Сербский след Хоффе аргументировал посредством моей связи с Настей. Сославшись на анонимный источник, он поведал миру о злодеянии ее отца, сербского генерала, в отчаянии направившего свою красавицу-дочь (этот пункт отчасти примирял Настю с остальным содержанием статьи) для внедрения в высшие политические сферы Европы и НАТО. Нам с Анри отводилась скромная роль цепочки, призванной связать злоумышленницу с Брюсселем. Прецедентным текстом этого сообщения следовало, видимо, считать историю Юдифи и Олоферна с той разницей, что головы натовских полководцев — по крайней мере внешне — все еще были на месте.

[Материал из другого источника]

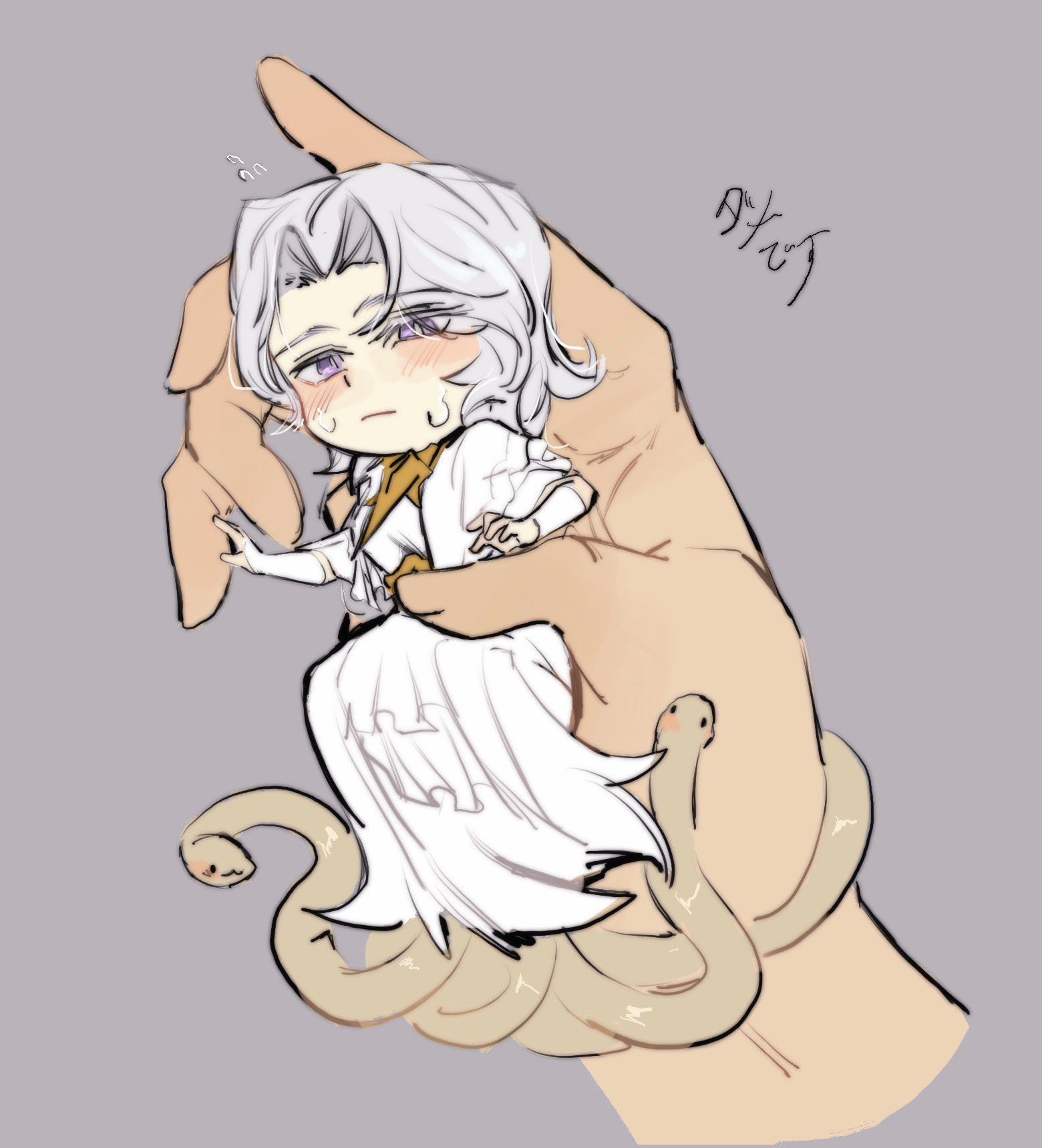 1boy 1other animal blush dark_souls_(series) dark_souls_i dark_sun_gwyndolin dress grey_hair highres holding holding_mini_person long_sleeves male_focus mini_person miniboy pink_eyes short_hair short_sleeves simple_background snake solo_focus sweat white_dress zunkome

Анри был взбешен. Он позвонил Хоффе и потребовал опровержения. Зная новейшие сводки с пропагандистского фронта, Хоффе вначале держался очень надменно. Лед тронулся, когда Анри пригрозил послать в Вашингтон выборку особо замечательных статей Хоффе: несмотря на всю проявленную лояльность, это грозило ему немедленной отставкой. Без всякого перехода Хоффе ударился в плачущий тон и объяснил произошедшее злонамеренностью анонимного источника, давшего ему ложные сведения. Когда же Анри, знакомый с методами работы Хоффе, свирепо его перебил, тот, наконец, признался, что ему заказали и движение, и меня с Настей, и даже Анри. Он также пожаловался, что, в отличие от Анри, его новый инструктор не дал ему ни материалов, ни даже примерного направления облачений. Вместе с тем он, Хоффе, был просто уверен в сербском происхождении Насти, иначе бы никогда не позволил себе так подробно развивать эту тему.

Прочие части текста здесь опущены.